So much has happened since I last had the opportunity to write. This year literally began with change as we moved to Tuscaloosa, Alabama, on January 1 for Daniel's new job. I was seven months pregnant at the time. We have had a lot of change in a very short amount of time (new job for Daniel, new church family, new city, new routines, new house, and a new baby). My introverted and routine-oriented self is still coming to grips with it all. Almost nothing is familiar, which is why I titled this post "Brand New Territory."
As much as I did not enjoy living in the city of Pittsburgh, it was very painful to leave our church family and dear friends at Renaissance. God used the leadership there as well as the members to grow us in what it means to live by grace, to point others to grace, and to live in deep community with other believers. I miss them so much.
One of our biggest fears in leaving Renaissance was that we wouldn't be able to find a church where living in community with out believers was so central. The Lord was so very kind to connect us to Safe Have Church - Big Sandy the first week we arrived in Tuscaloosa. It wasn't long before the Lord started giving us new friends and opportunities to serve within the church. Even though the people there hardly knew us, they took it upon themselves to take care of us when we arrived and when our son was born. It will take time to develop the depths of friendships that we crave, but we are excited for what God has in store for us in and through this local body of believers.
During the first month, I spent most of my time cleaning our new house (yep - we're home owners now!) and making it feel like home. I wanted to do a lot of the deep cleaning before our baby boy was born. I thought I had more time than I did, but he surprised us by coming two and a half weeks early. Justus Garrison* was born on Valentine's Day, weighing in at 8 pounds, 10 ounces.
This is not only new territory for us, but uncharted territory.
I expect this new year to keep up the theme of new territory as we settle in here and grow in parenting Justus. Even though we don't really have to teach him much in the way of verbal lessons, we can already see our lack of wisdom and strength for this awesome task.

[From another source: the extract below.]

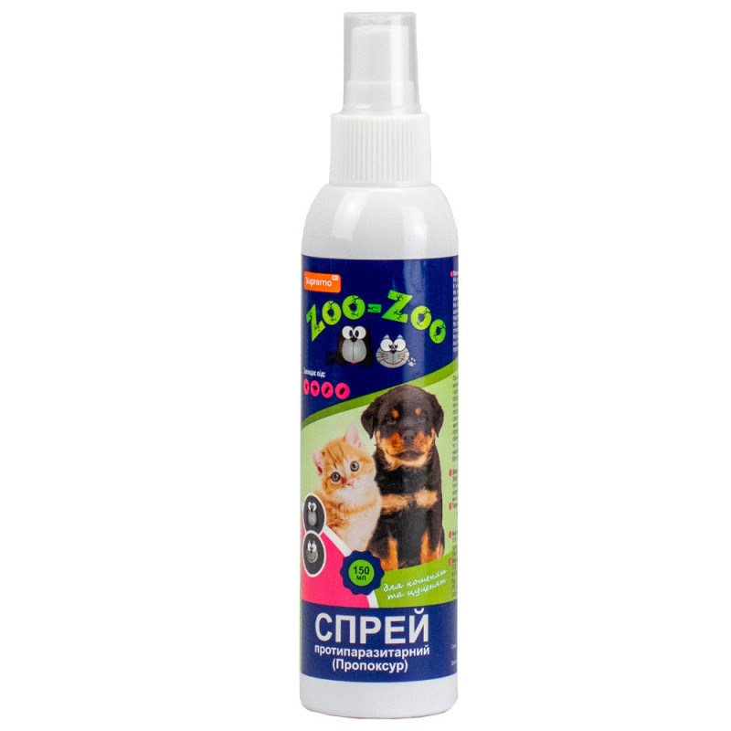 [1]Спрей протипаразитарний (розчин для зовнішнього застосування, спрей)● Склад:100 мл препарату містить діючу речовину (мг): пропоксур – 300.Допоміжні речовини: олія лимону ефірна, пропіленгліколь-400, гліцерин, спирт ізопропіловий.● Застосування:Профілактика та лікування собак, котів і декоративних гризунів при захворюваннях, спричинених ектопаразитами: блохами (Ctenocephalides spp., Pulex irritans), волосоїдами (Trichodectes canis, Felicola subrostratus), кліщами (Linognathus setosus), Demodex spp., Sarcoptes scabiei та інші паразити на личинкових і дорослих стадіях розвитку.● Дозування:Обробку тварин проводять на відкритому просторі або у добре вентильованих приміщеннях. Для попередження злизування препарату щелепи тварин фіксують петлею або на шию вдягають "захисний комірець". Перед застосуванням флакон струшують, натискучи на розпилювальну головку флакона, направляють струмінь на тулуб тварини з відстані 10–20 см та тушують проти росту шерсті протягом декількох секунд, зволожуючи шерсть до шкіри. Прикриваючи очі тварини, обробляють вуха, шию, груди, живіт і хвіст.Рекомендована доза препарату становить 1 мл (5 натискань) на 1 кг маси тіла тварини. Постійні обробки проводять за показаннями, але не частіше 1–2 разів на тиждень.● Протипоказання:Не застосовувати тваринам віком до 6 тижнів.Не використовувати хворим, виснаженим та старим тваринам!Не застосовувати тваринам з підвищеною чутливістю до складників препарату.Не застосовувати самкам під час вагітності та лактації!Не застосовувати одночасно з іншими інсектоакарицидними препаратами.● Застереження:При роботі з препаратом необхідно користуватися гумовими рукавицями і ватно-марлевими пов’язками. Під час обробки тварин не можна палити, пити і приймати їжу. При випадковому потраплянні препарату на шкіру або слизові оболонки його слід негайно змити великою кількістю води. Після обробки тварин необхідно: вимити обличчя і руки, рот прополоскати; гумові рукавиці висушити та вимити. Забороняється користуватися препаратом біля відкритого вогню.● Зберігання:Зберігати препарат у сухому темному місці, недоступному для дітей та тварин, подалі від харчових продуктів при температурі від 3°С до 30°С.Термін придатності: 3 роки.

As almost everyone had warned us, the first few weeks were rough. Add to this the fact that Justus was admitted into the hospital when he was two weeks old with omphalitis (an infection in his umbilical cord stump). He was in the hospital for a total of 9 days. It was a very difficult and dark time. It was so hard to see him poked and prodded so much. He had to receive strong doses of IV antibiotics and his IV blew 4 times. Every time they had to do a new IV, they had to stick him multiple times before they could get it to take. It was
almost unbearable to watch. I struggled with understanding how this could be for Justus's good and became angry at God as the week wore on for allowing everything to be so hard and painful. He reminded me that He knew intimately what it was like to watch His Son suffer.

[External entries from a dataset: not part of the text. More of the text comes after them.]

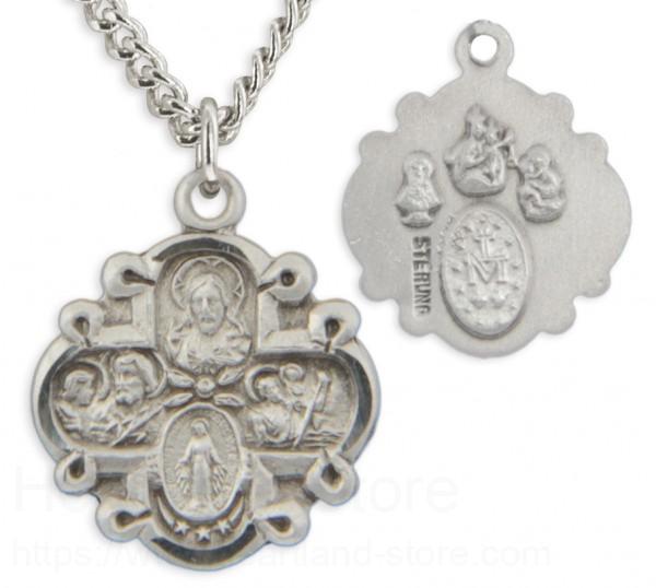 Women's Sterling Silver 4 Way Cross Necklace Wide Edges with Chain Options + 18" 2.2mm Stainless Steel Chain + Clasp
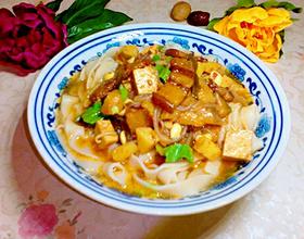 - 23. 把面捞入碗里,再把图12炒好的臊子菜舀两勺放入面上面。就绊均匀可以品尝了
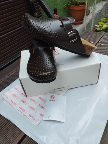 - Materijal: prirodna koža na gornjištu, anatomsko oblikovano kožno uložje sa plutenom potporom.
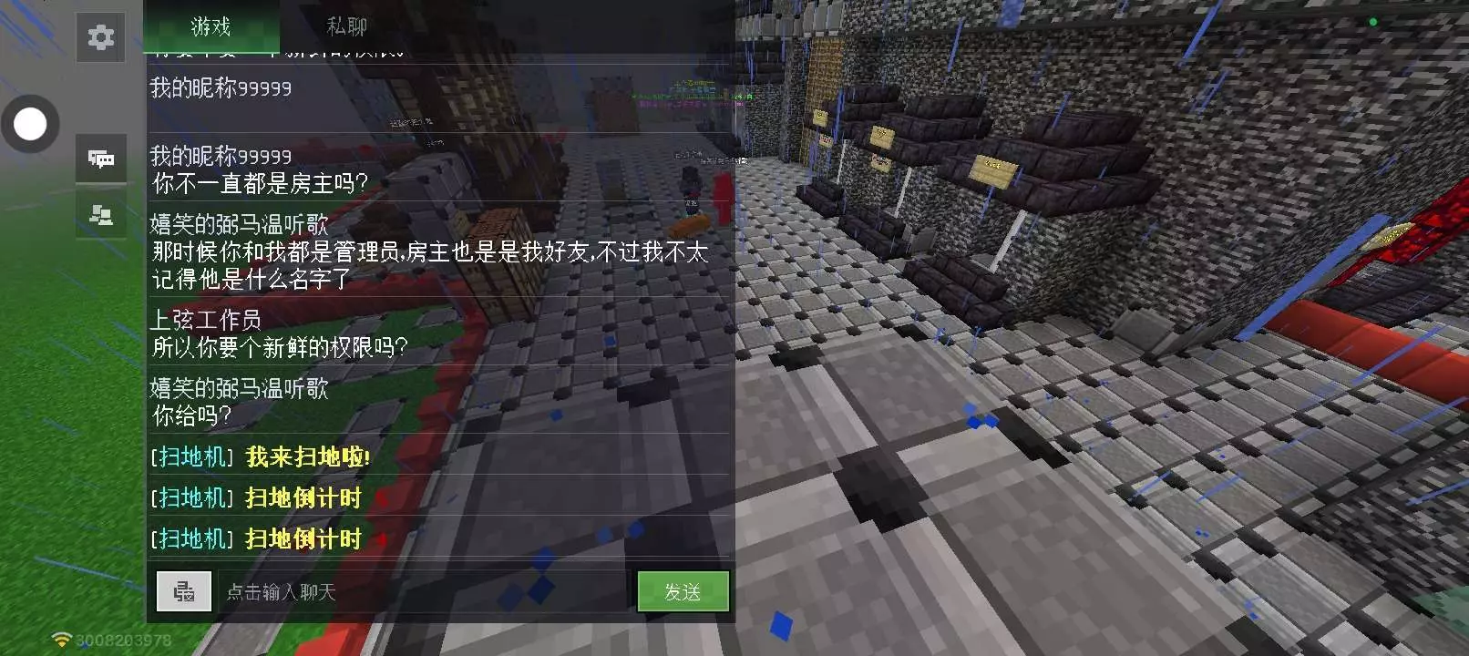 的房间他们聊起来了,我就暂时制裁了,最后制裁了几次了因为房主开房熊没制裁成功第二次第三次制裁成功了主要就是我偷偷摸进泥土商店里面玩了一把32k铁铲,然后来了生存青金石一挖崩了!

Indeed, that is why we celebrate Easter. God was not only willing for His Son to suffer to save a people for Himself, but He ordained it (Isaiah 53). I confess that this truth, as marvelous as it is, only brought me a little comfort at the time. My heart was embittered towards my heavenly Father for what He was permitting to happen to Justus. I have since repented of my hardness of heart and apathetic spirit - which is why Jesus had to die, to save hard-hearted sinners like me. The cross of Christ proves the depths of God's love for me, even though I had lost sight of that at the time.
I mentioned that Saturday was my spiritual birthday - the day when Jesus Christ gave me new spiritual life (John 3). It has now been 16 years of following the Lord. As I grow in faith and in the knowledge of Him, I realize more and more how much I need His grace. He saved me by His grace and He sustains me by His grace. I bring nothing to the table, except the sin that required His death on my behalf. The Lord reminded me today as I reflected on Him saving me that it is only by His grace that I still believe in Him. It's only by His grace that I did not walk away from the Christian faith when enduring that dark week at the hospital with Justus. We never outgrow our need for the gospel. We need it to save us from our sin and bring us to God and we need it to continue believing in God until we reach Heaven, where our faith will become sight. Reflecting on these truths helps me see Easter, as well as my spiritual birthday, in a different light. These were not just events that happened in the past, but they are events that continue to impact the here and now.
As Christians, we have much to rejoice in as we think about the Lenten season leading up to Resurrection Sunday. Our sins have been paid for. We have been redeemed. Perfect obedience has been imputed to us. We have been made right with God. We have been adopted as His sons and daughters forever. We have been given the Holy Spirit to lead and guide us. And God Himself will see to it that we endure in faith until the end. Celebrate God's grace with me this Easter season. Without it, we would be hopeless and dead in our sins. But God, being rich in mercy, made us alive together with Christ (Ephesians 2:4-5)!
|Photo credit: Gary Franklin Photography (www.garyfranklinphoto.com)|
*We chose the name Justus (besides the fact that we just liked the name) because we liked its meaning ("just"). Plus, I liked how it was a biblical name (though not a common one). Garrison is a play off my dad's name, Gary, and means "fortified stronghold" and "son of Gary."